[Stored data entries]
-.-.-
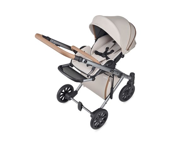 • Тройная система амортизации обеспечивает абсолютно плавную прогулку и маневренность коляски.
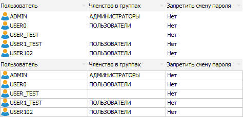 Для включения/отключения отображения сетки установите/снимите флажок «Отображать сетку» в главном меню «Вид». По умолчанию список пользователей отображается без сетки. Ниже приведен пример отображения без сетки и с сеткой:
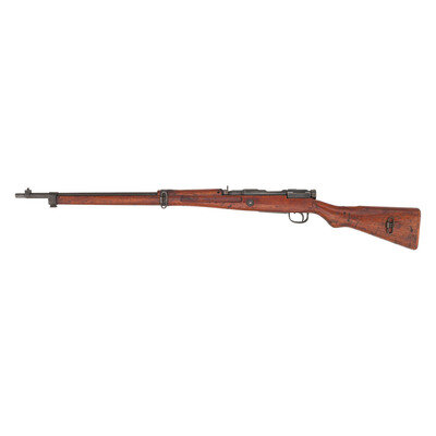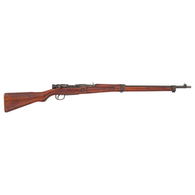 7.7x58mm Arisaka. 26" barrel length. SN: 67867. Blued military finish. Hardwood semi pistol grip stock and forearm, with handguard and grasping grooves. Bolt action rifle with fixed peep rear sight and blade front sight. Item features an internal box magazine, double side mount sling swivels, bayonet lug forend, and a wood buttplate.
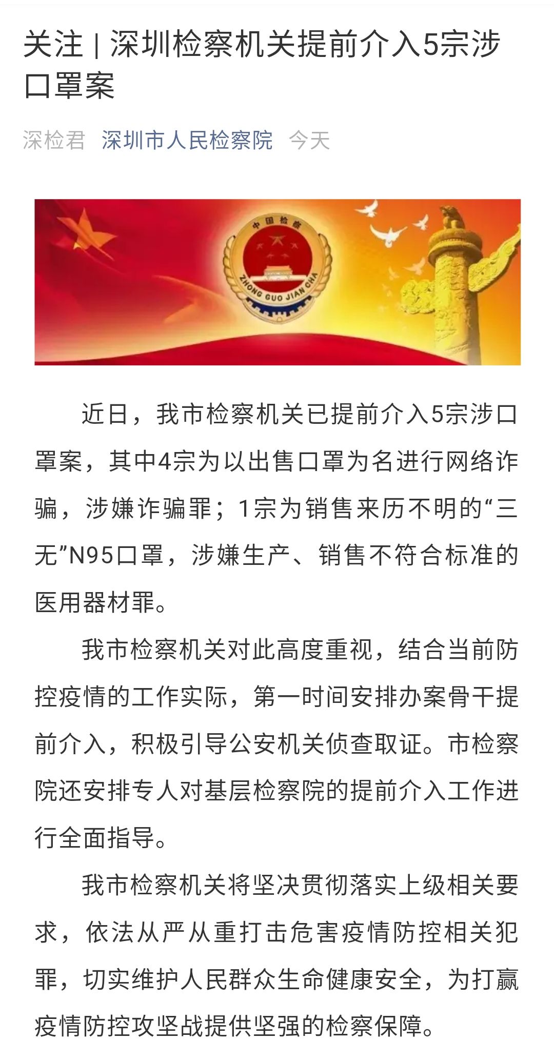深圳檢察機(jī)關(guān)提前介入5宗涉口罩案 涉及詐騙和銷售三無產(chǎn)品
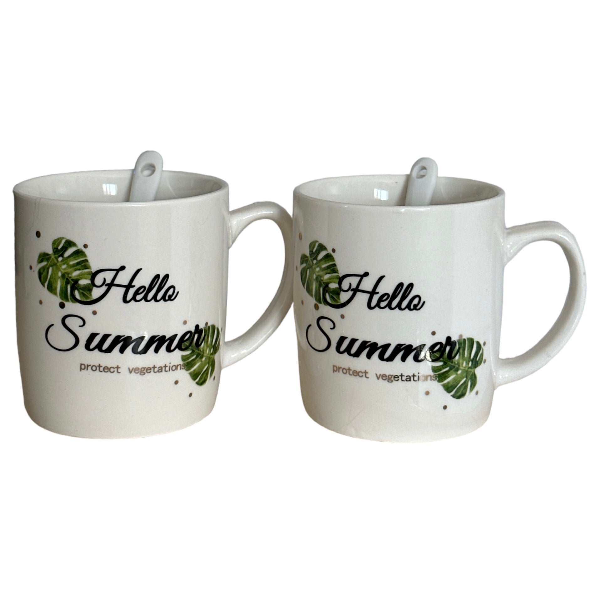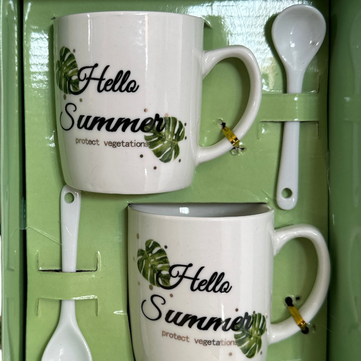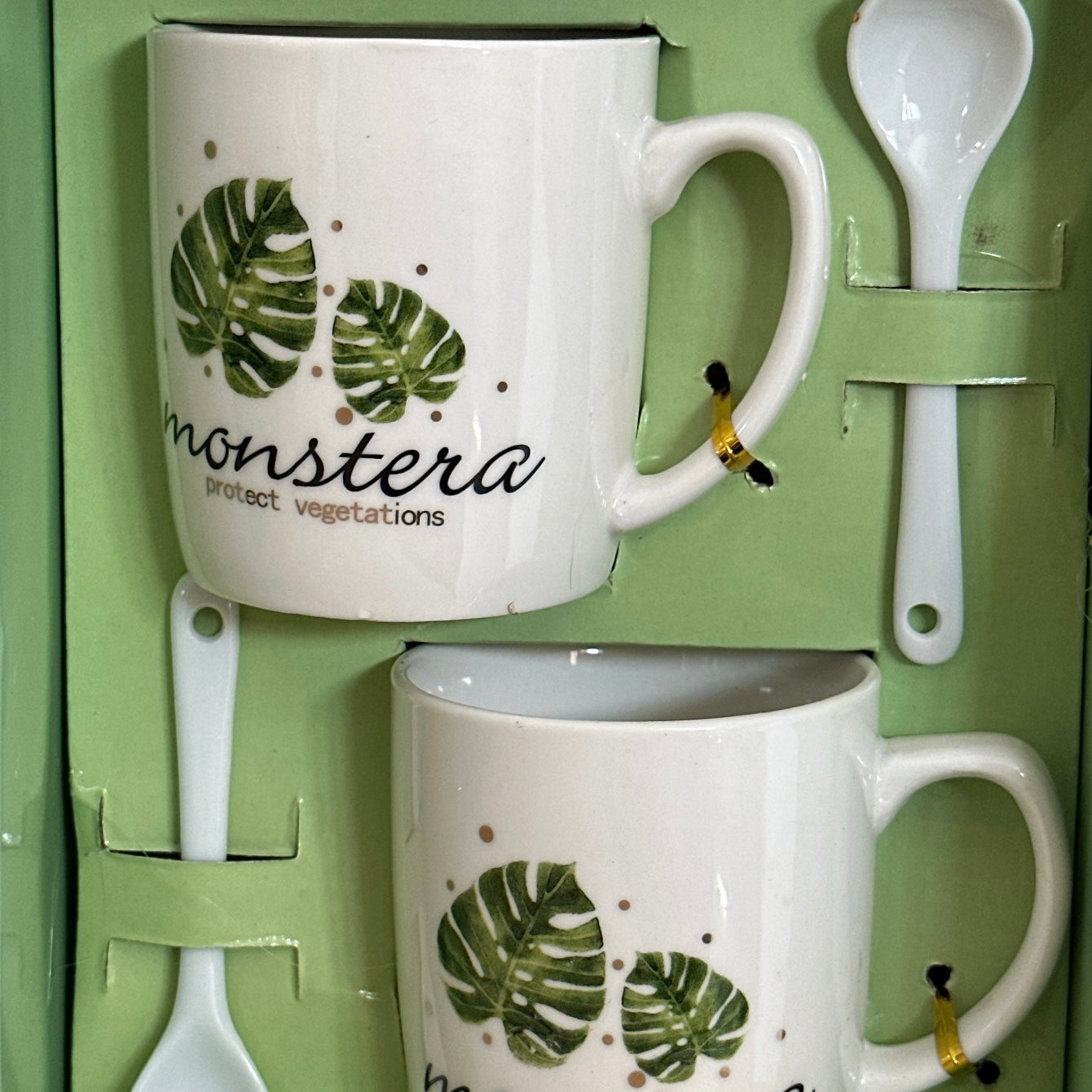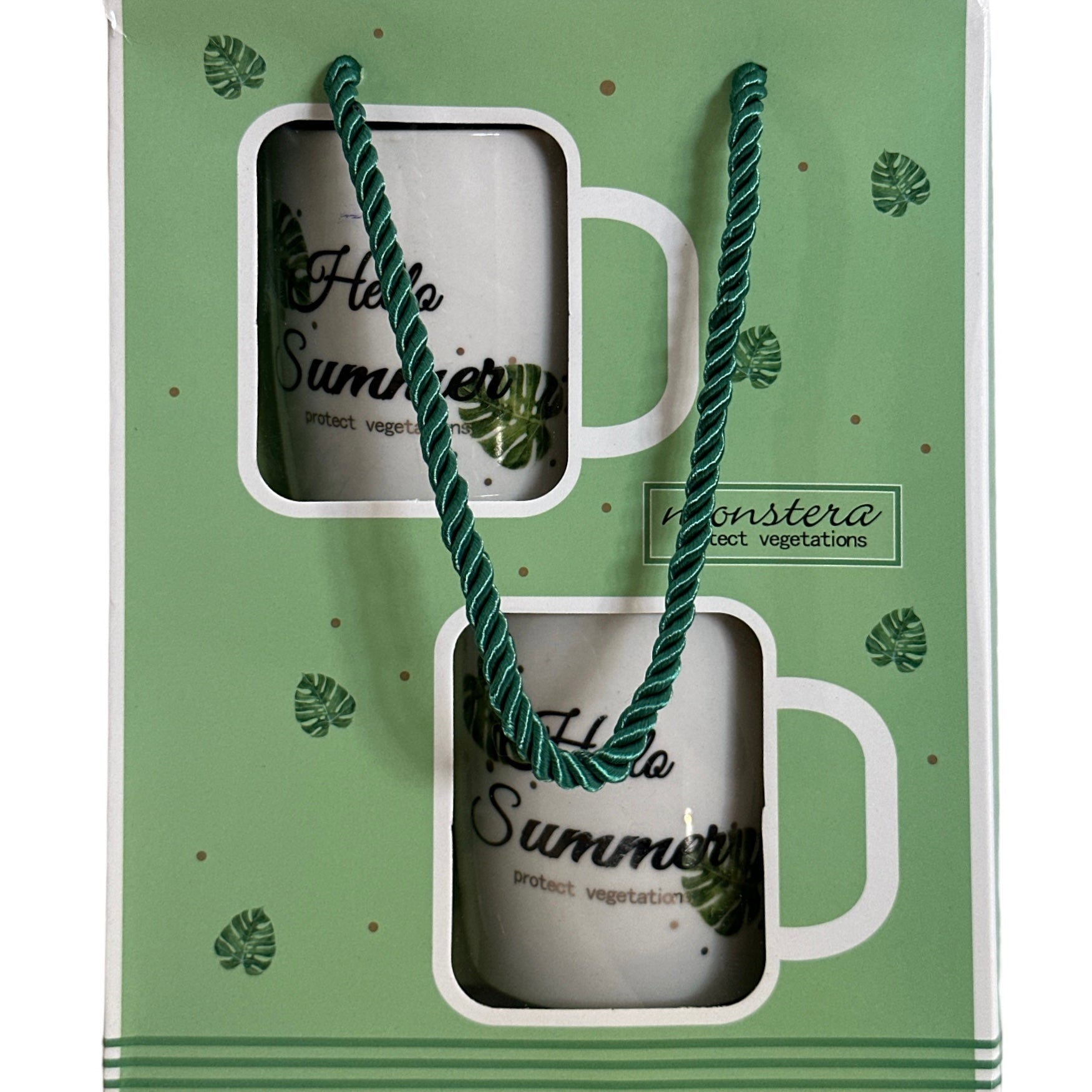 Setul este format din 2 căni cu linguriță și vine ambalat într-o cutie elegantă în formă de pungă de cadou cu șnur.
-.-.-
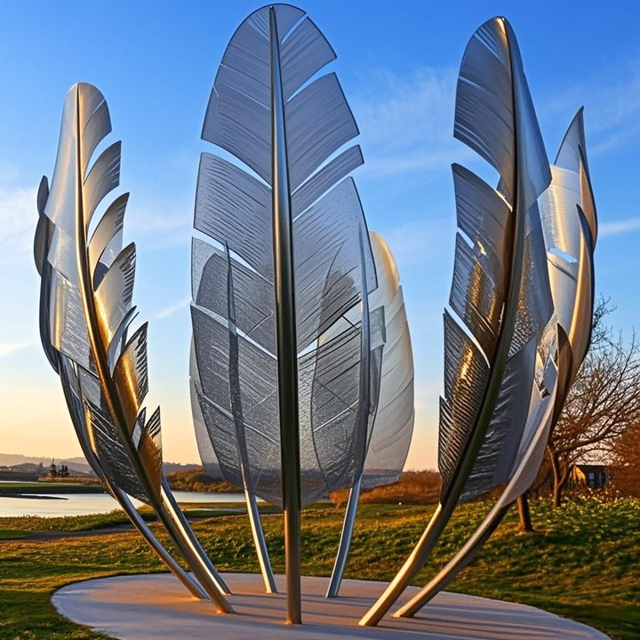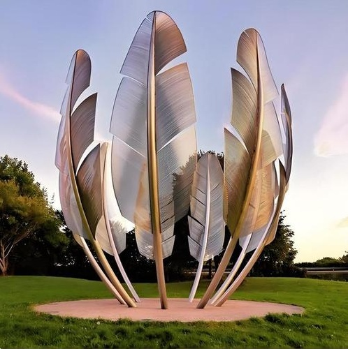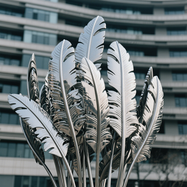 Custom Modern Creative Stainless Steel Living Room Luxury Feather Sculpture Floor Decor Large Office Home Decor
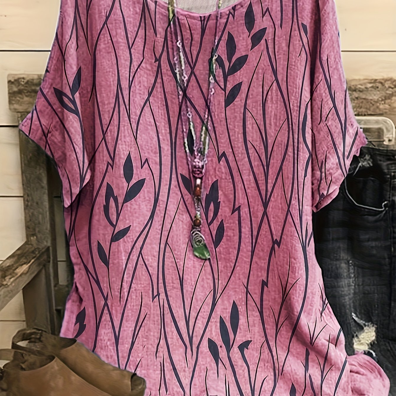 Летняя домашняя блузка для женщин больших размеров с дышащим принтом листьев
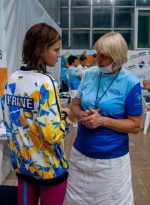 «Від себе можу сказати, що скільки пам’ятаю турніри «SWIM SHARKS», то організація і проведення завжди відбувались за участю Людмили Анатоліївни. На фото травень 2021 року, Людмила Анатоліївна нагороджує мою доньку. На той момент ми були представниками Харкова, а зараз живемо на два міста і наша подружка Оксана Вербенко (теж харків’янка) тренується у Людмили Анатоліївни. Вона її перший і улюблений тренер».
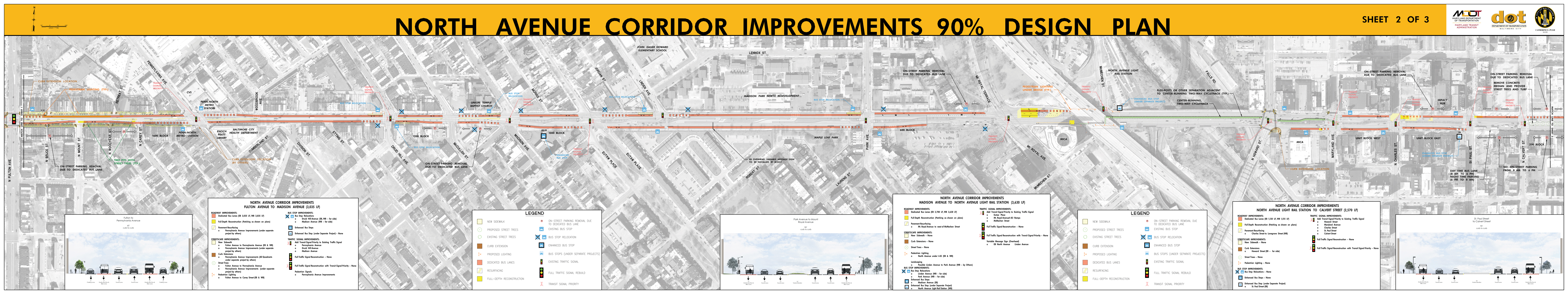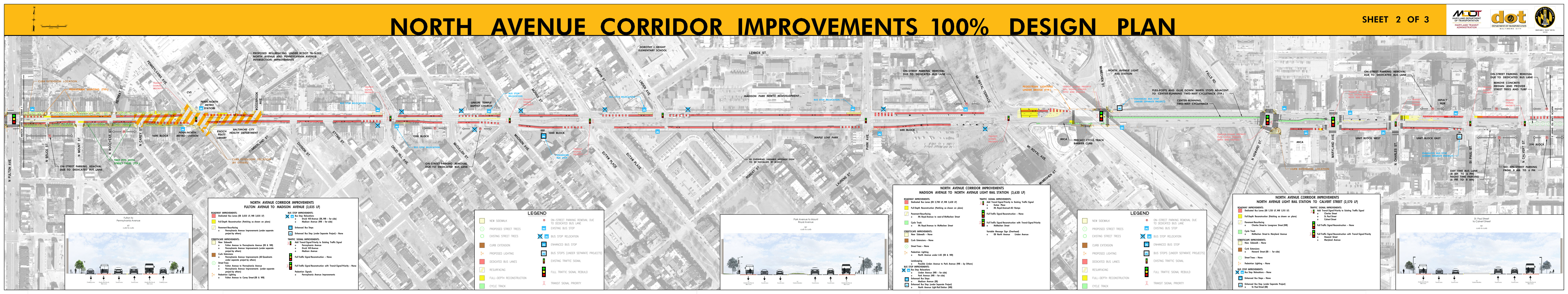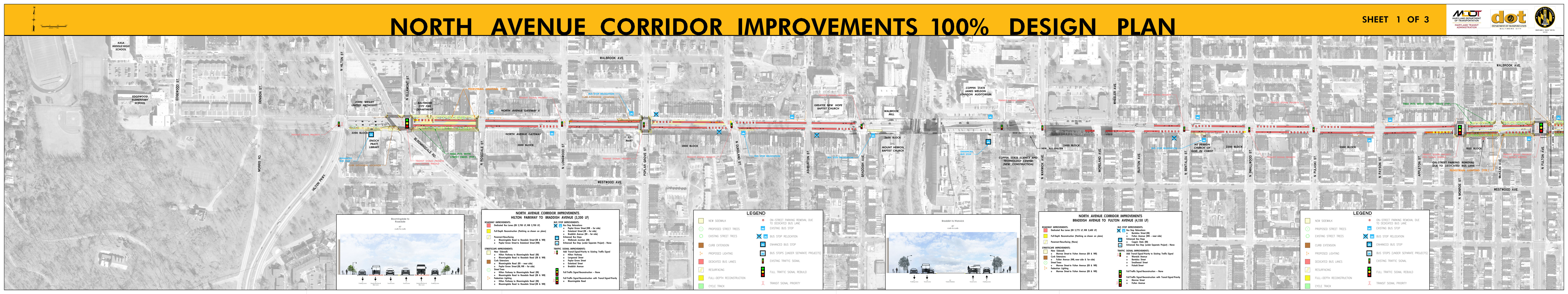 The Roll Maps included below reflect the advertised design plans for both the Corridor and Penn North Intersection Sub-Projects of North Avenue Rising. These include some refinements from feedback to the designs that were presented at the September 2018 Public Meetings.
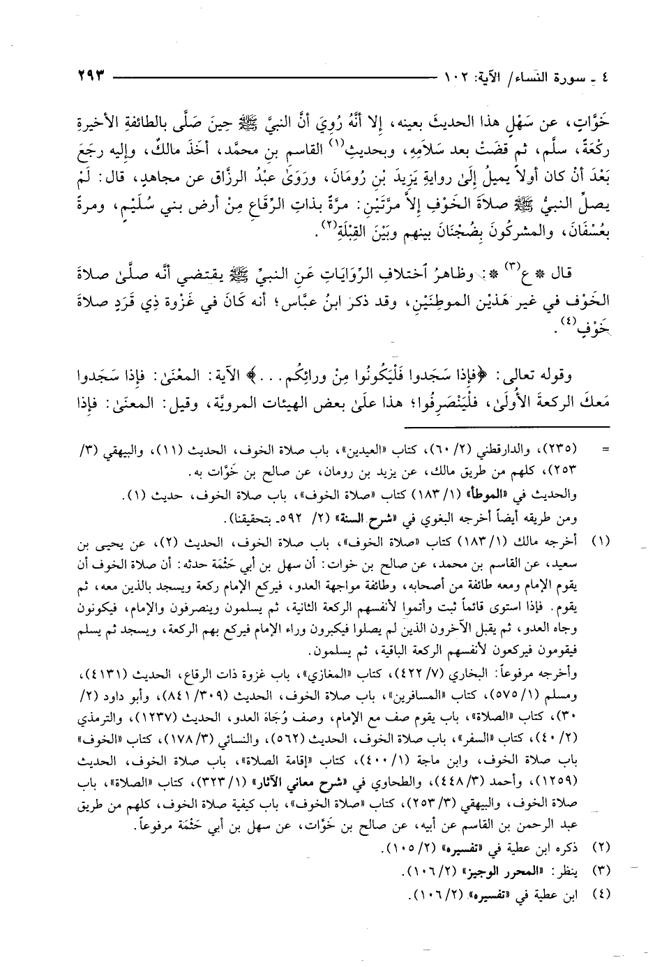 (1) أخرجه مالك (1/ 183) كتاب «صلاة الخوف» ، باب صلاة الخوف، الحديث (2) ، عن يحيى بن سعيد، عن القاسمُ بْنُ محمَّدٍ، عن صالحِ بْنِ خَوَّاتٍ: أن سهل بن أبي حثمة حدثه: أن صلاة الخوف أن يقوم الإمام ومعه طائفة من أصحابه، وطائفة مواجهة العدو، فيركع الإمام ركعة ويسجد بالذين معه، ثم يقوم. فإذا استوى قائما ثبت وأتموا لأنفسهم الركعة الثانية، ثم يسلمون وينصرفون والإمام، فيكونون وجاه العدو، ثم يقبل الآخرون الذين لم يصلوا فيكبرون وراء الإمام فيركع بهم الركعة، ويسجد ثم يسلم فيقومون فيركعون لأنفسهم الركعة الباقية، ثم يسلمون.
-.-.-
> _Your objective_: Starting at the line above with "и маневренность коляски.", output every line exactly up to and including the line with "Для включения/отключения отображения", but none of the pictures.

> _Output for this exercise_:
 • Тройная система амортизации обеспечивает абсолютно плавную прогулку и маневренность коляски.
 Для включения/отключения отображения сетки установите/снимите флажок «Отображать сетку» в главном меню «Вид». По умолчанию список пользователей отображается без сетки. Ниже приведен пример отображения без сетки и с сеткой:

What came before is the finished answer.